ただし、例外が一つ存在します。ブラウザは本物の Web サーバーに接続していると認識していますが、その認識がなされたのは実際に本物の Web サーバーに接続した場合に有効な TLS 証明書が提示されたからです。

したがって、悪意のないメールサーバーによって反射された不正なスクリプトにより、ブラウザが実際には Web サーバーに全く接続していないにも関わらず、ブラウザのクッキーや Web サーバーに関連する Web データが読み取られることがあります。

サーバーの混同

しかし、そもそもなぜブラウザは Web サーバーの TLS 証明書とメールサーバーの証明書を混同してしまうのでしょうか。

Let’s Encrypt のような証明書発行会社が登場し、TLS 証明書を無料で簡単に取得できるようになるまでは、ネットワーク上のすべてのサーバーの証明書を購入・更新するのにかなりの手間 (とコスト) がかかっていました。

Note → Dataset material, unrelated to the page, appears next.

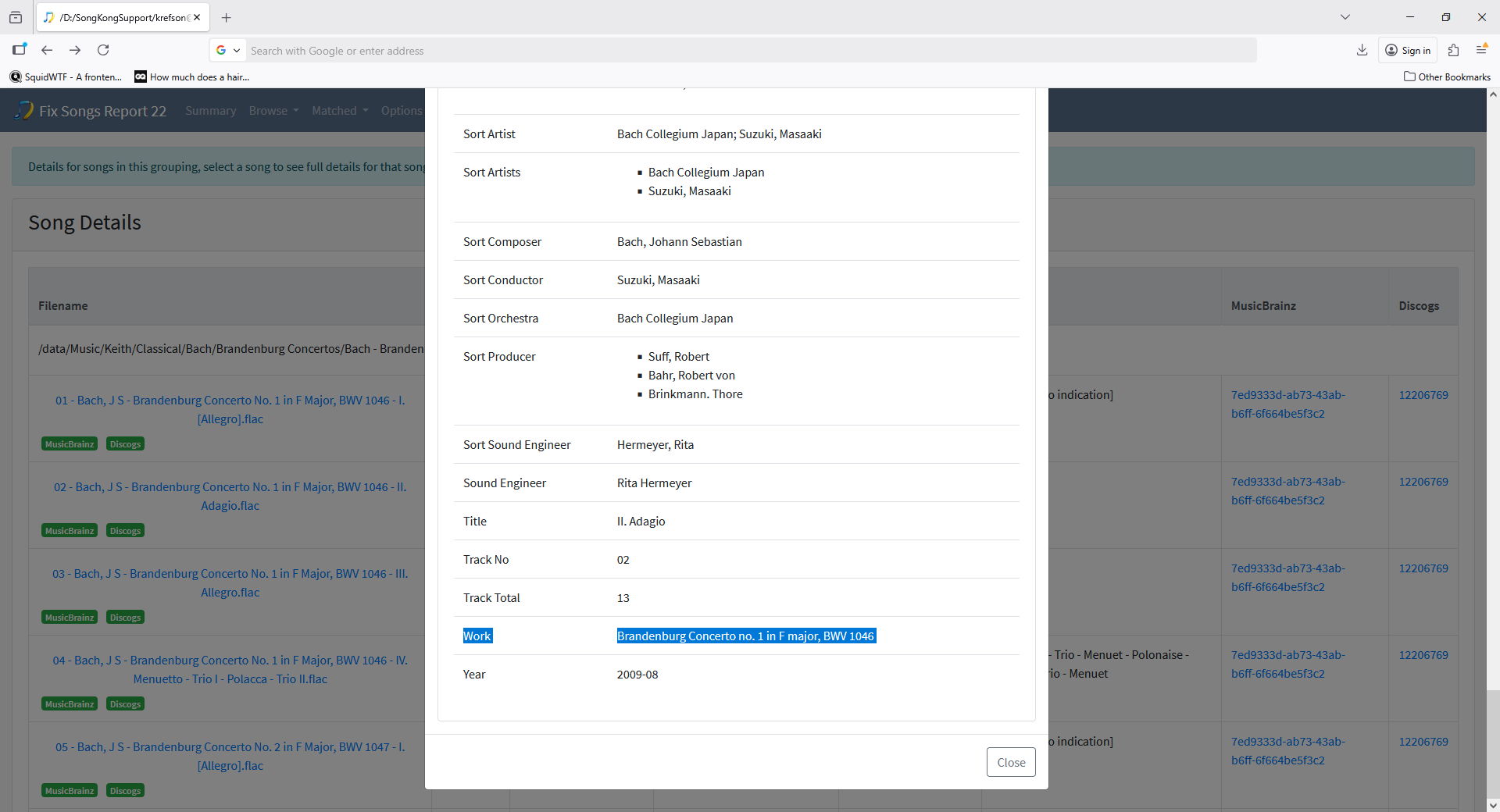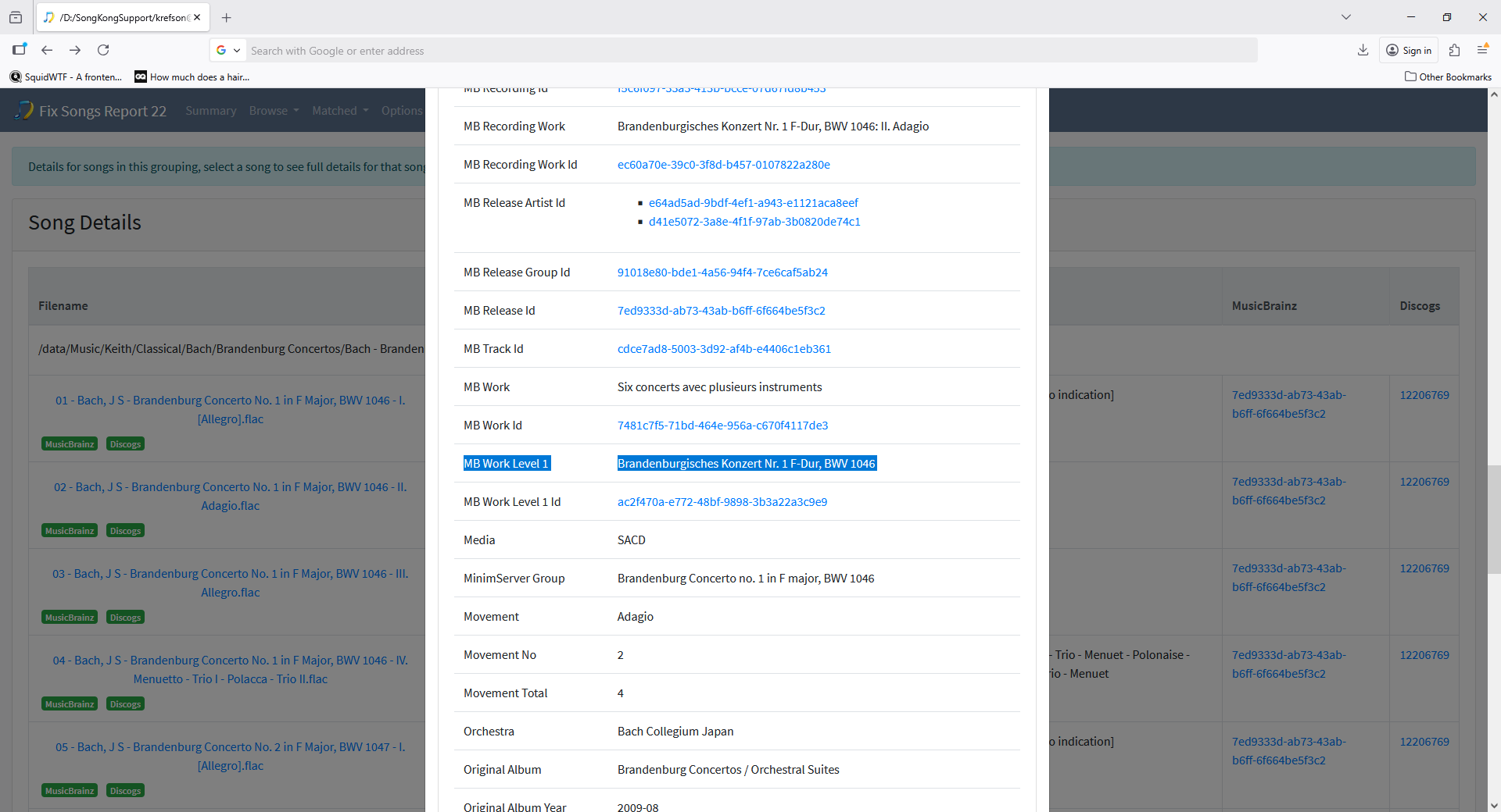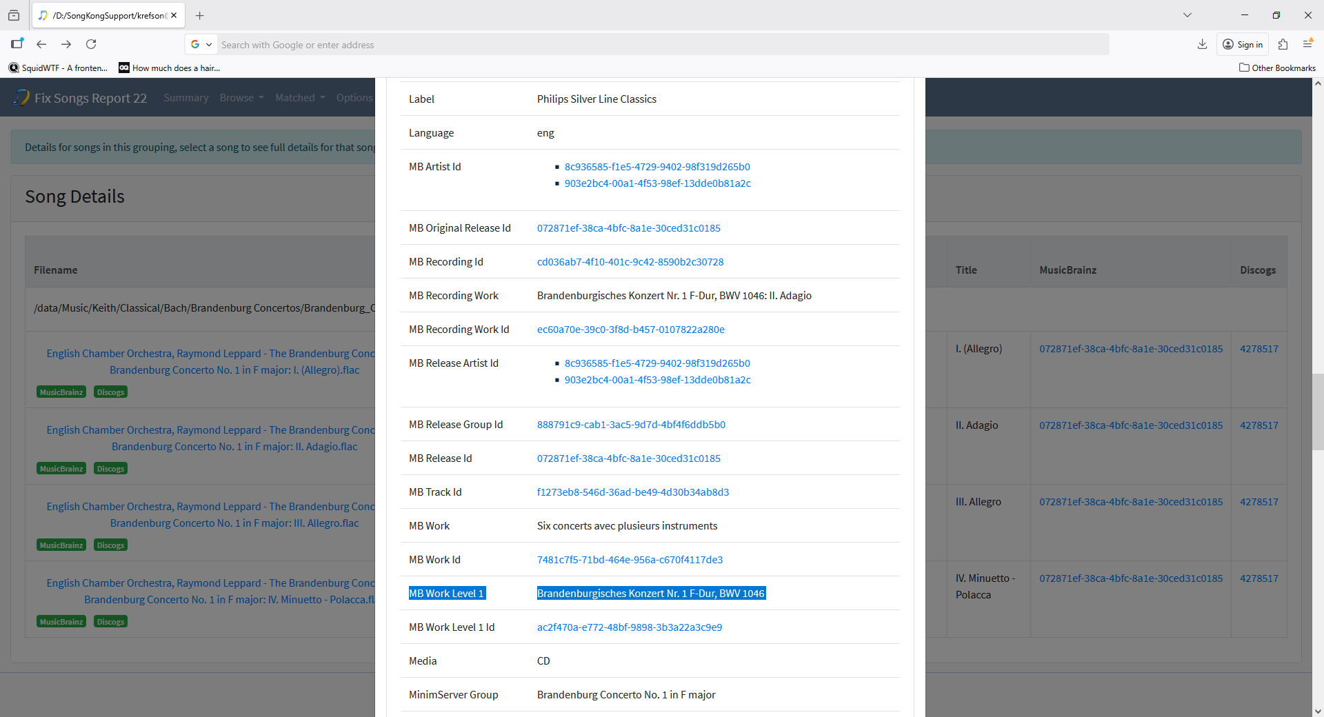 So here Work is set to Brandenburg Concerto No. 1 in F major, it doesn’t include the Bach Works Catalog reflecting the track listing on the album .Just like Example A MusicBrainz equivalent is stored in the MB Work Level 1 field as Brandenburgisches Konzert Nr. 1 F-Dur, BWV 1046 and the MB Ids point to exactly the same work

その結果、企業は当然ネットワークドメイン内の複数台、あるいはすべてのサーバーに対して有効な証明書を用いることが多くなります。

たとえば、www.example.commail.example.com のそれぞれに対して別々の証明書を取得する代わりに、*.example.com に対して有効な、いわゆるワイルドカード証明書を使用することができます。このアスタリスクは「任意の文字列」を意味し、多くのファイル検索プログラムが、「*.DOCX」を「.DOCX という拡張子を持つ全てのファイル」のことだと判断するのと同じ仕組みです。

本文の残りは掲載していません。